Task brief: In full and word for word, copy the listing; no pictures belong in the copy.

Source data:
※

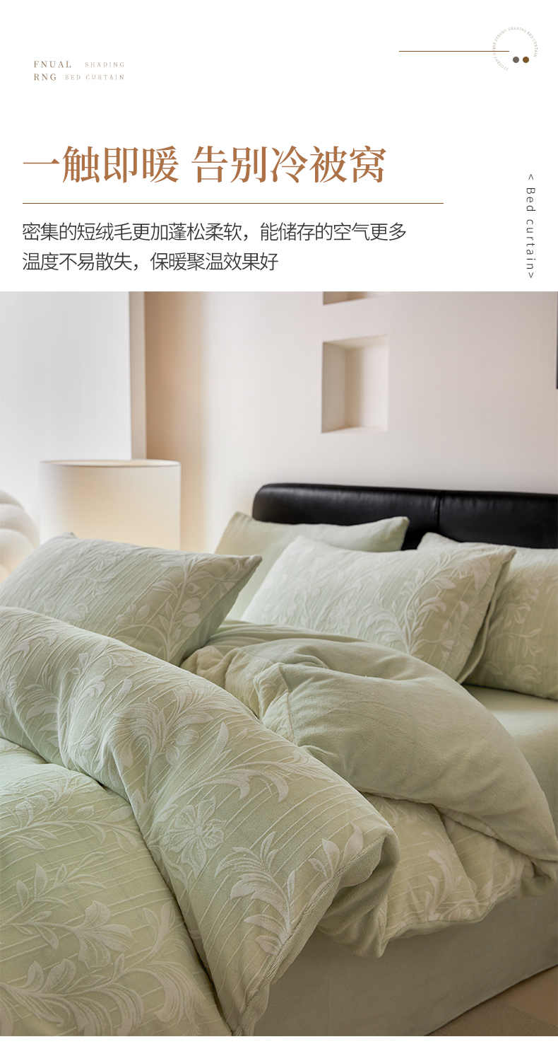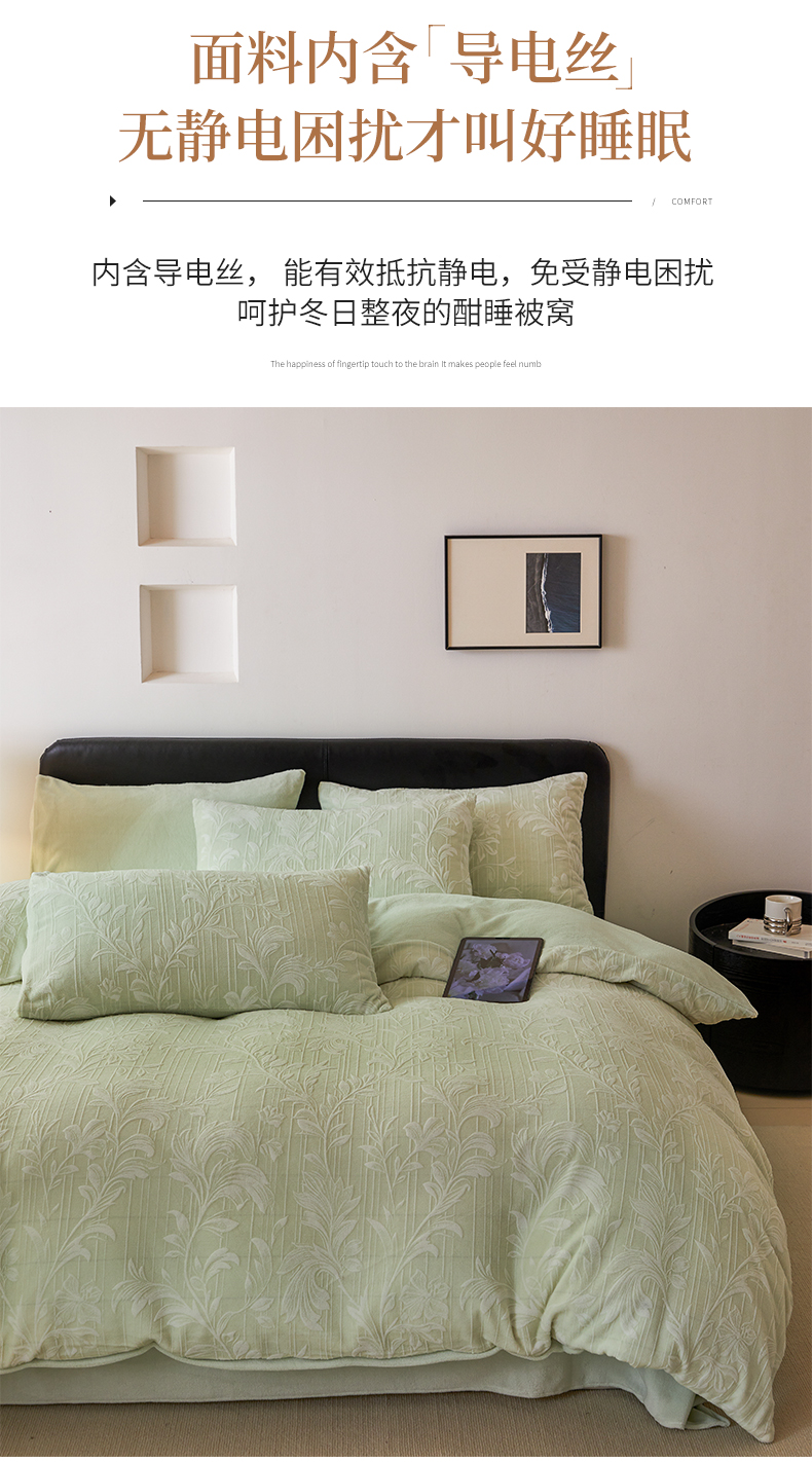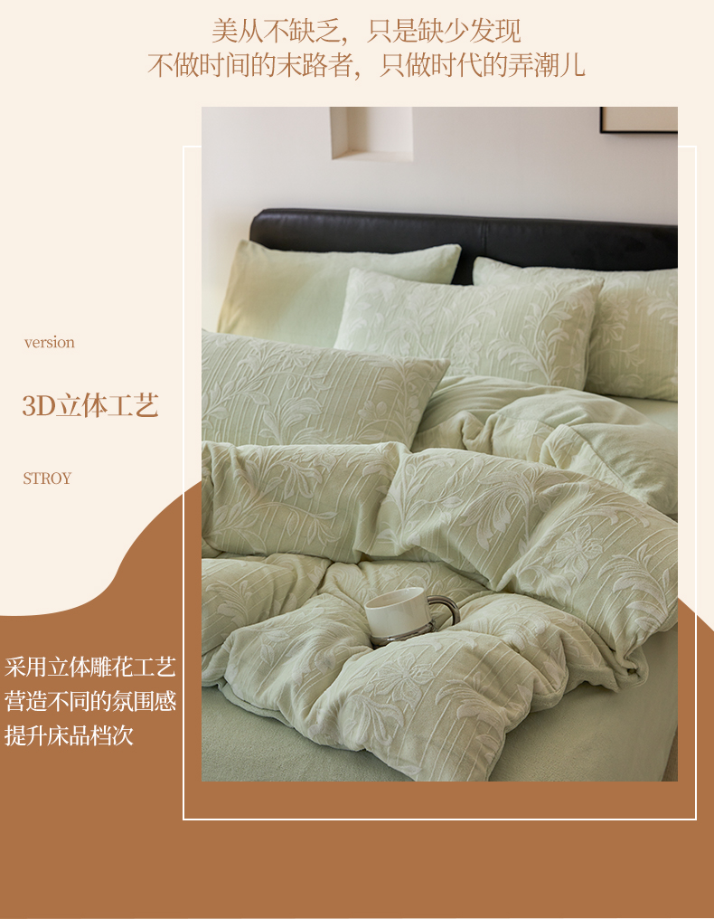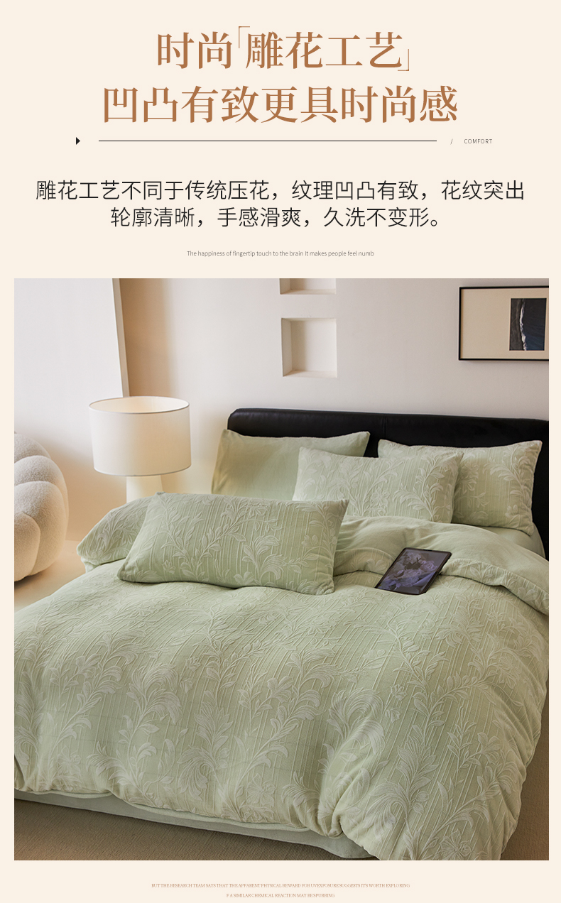 商品名称:优彩 2025新款雕花牛奶绒四件套烂花牛奶绒四件套 若叶-浅荷绿
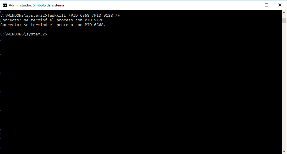 taskkill /PID ID_Proceso1 /PID IDProceso2 /F Taskkill / PID 9128 /PID 6568 / F
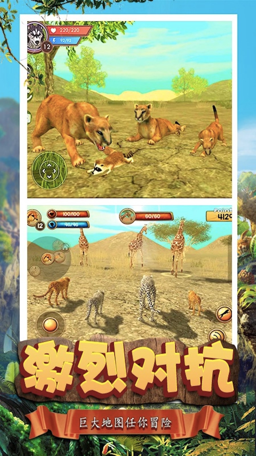 1.全新的残酷模拟猎豹生存的游戏,物竞天择,适者生存,感受完全不一样的生态。

※

Answer section:
 商品名称:优彩 2025新款雕花牛奶绒四件套烂花牛奶绒四件套 若叶-浅荷绿
 taskkill /PID ID_Proceso1 /PID IDProceso2 /F Taskkill / PID 9128 /PID 6568 / F
 1.全新的残酷模拟猎豹生存的游戏,物竞天择,适者生存,感受完全不一样的生态。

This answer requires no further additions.